Paper in Frontiers in Psychology

Authors: Joyse Medeiros and Jon Andoni Duñabeitia.

Title: Not Everybody Sees the Ness in the Darkness: Individual Differences in Masked Suffix Priming

Highlights: We explored the role of individual differences in polymorphemic word recognition. The data from a large-scale masked suffix priming experiment were analyzed taking into consideration participants’ reading speed as a proxy for their greater reliance on orthography or on semantics. Only slow participants showed significant priming effects, whereas faster participants showed negligible masked suffix priming effects. These results demonstrate that different reading profiles modulate the access to morphological information in a qualitatively different manner.

Paper in Journal of Neurolinguistics

Authors: Sara Ramos, Yuriem Fernández García, Eneko Antón, Aina Casaponsa and Jon Andoni Duñabeitia.

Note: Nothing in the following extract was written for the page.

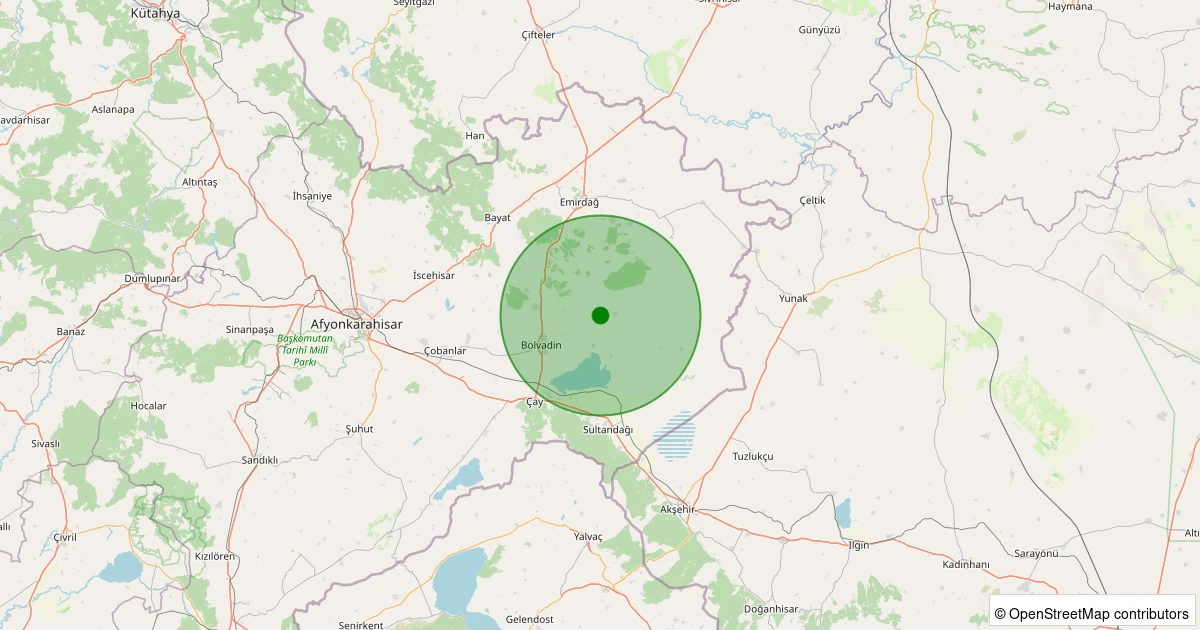 Son bir hafta içerisinde Afyonkarahisar şehri Bolvadin - Büyükkarabağ/Hacıbekir Köyü noktasından 100 km yarıçap içerisinde toplamda 17 deprem kaydedilmiştir. Bu depremlerden en büyüğü 1.7 büyüklüğünde ve en sığ odaklısı 6.00 kilometre derinlikte gerçekleşmiştir.

Title: Does learning a language in the elderly enhance switching ability?

Highlights: In the current study we aimed at exploring the relationship between language learning and switching ability in elderly monolingual participants who learned a second language during a whole academic year. A colour-shape switching task was used as a measure of switching ability in a pre-test/post-test design. Results showed that switching costs in the post-test were not significantly different from those in the pre-test in either the experimental or the control groups, demonstrating that the acquisition of a second language in the elderly does not necessarily lead to an enhancement of switching ability as measured by switching costs.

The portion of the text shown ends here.